Amidst the terror that encompassed the USSR in 1937 the New York Times published an article, on March 5th of that year, titled “Party Democracy Ordered in Russia.” It praised reform within the communist party and optimistically reported that there would be “direct voting of lower party officials” soon to follow. It praised the “new constitution” that Stalin passed in 1936 and commended it for being the reason for democratic reform. Although Stalin did pass a constitution in 1936, giving his citizens a list of rights, he did not mention how the state was to protect those rights. In addition, he had made laws focusing all the power into his hands so although his citizens were supposed to have rights he had the right to override any of their desires. Within his constitution the only democracy that existed was with regard to lower party officials so even if the people could chose those officials nothing would change in their day-to-day lives. Weighed against Stalin every member of the party was insignificant so even if all other party members could be elected the problem is still untouched at the top.
Nonetheless the New York Times continued to praise soviet reform by claiming that “members of the party received full right to criticism and the privilege of removing any candidate from the list of party officials if they disapproved of him.” Of course as long as the criticism did not involve Stalin or any of his actions then criticism was allowed and the only way to remove a party official was to prove, very easily, to Stalin that this member threatened his power. It is surprising that a newspaper such as the New York Times, which is expected to be a very accurate and reliable source of information, would be fooled into believing that Stalin would even consider allowing true democracy to exist under his reign.

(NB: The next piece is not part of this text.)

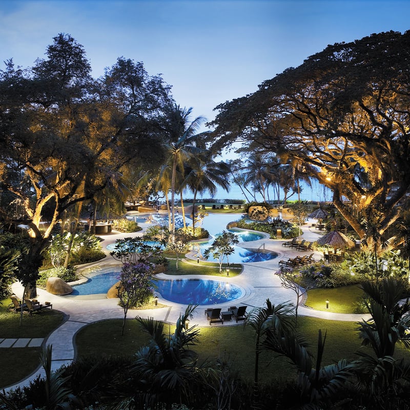Sur trente hectares paysagers bordant la célèbre plage de Batu Ferringi, ce complexe de 304 chambres décline l'héritage Minangkabau à travers boiseries, cotonnades et satins éclatants. Trois piscines jalonnent les jardins tropicaux, tandis que le plus grand spa de Penang—onze villas privées dédiées aux soins traditionnels chinois et malaisiens—attire les amateurs de bien-être. Randonnées en jungle et sports nautiques complètent l'expérience balnéaire.

The article continues but now discusses, quite ironically, the expected trial of Bukharin, former member of the politburo and editor of Izvestia, and Rykoff, former member of the Council of People’s Commissars, who were both arrested previously. They were charged with “conspiring for the overthrow of Bolshevism” like many other party members who had been assassinated in recent years. The only way Stalin could have evidence to prove that these men were guilty was by forcing them during show-trials to confess to crimes they hadn’t committed because he had no evidence of treason so he had to create it. As Kort put it in his book, Soviet Colossus, “One can understand why Stalin in wanted confessions since there was no other evidence of any kind to back up the charges. Also, by getting his once-mighty victims to confess and demean themselves, Stalin totally discredited not only them, but any version of “truth” other then his own” (Kort 214).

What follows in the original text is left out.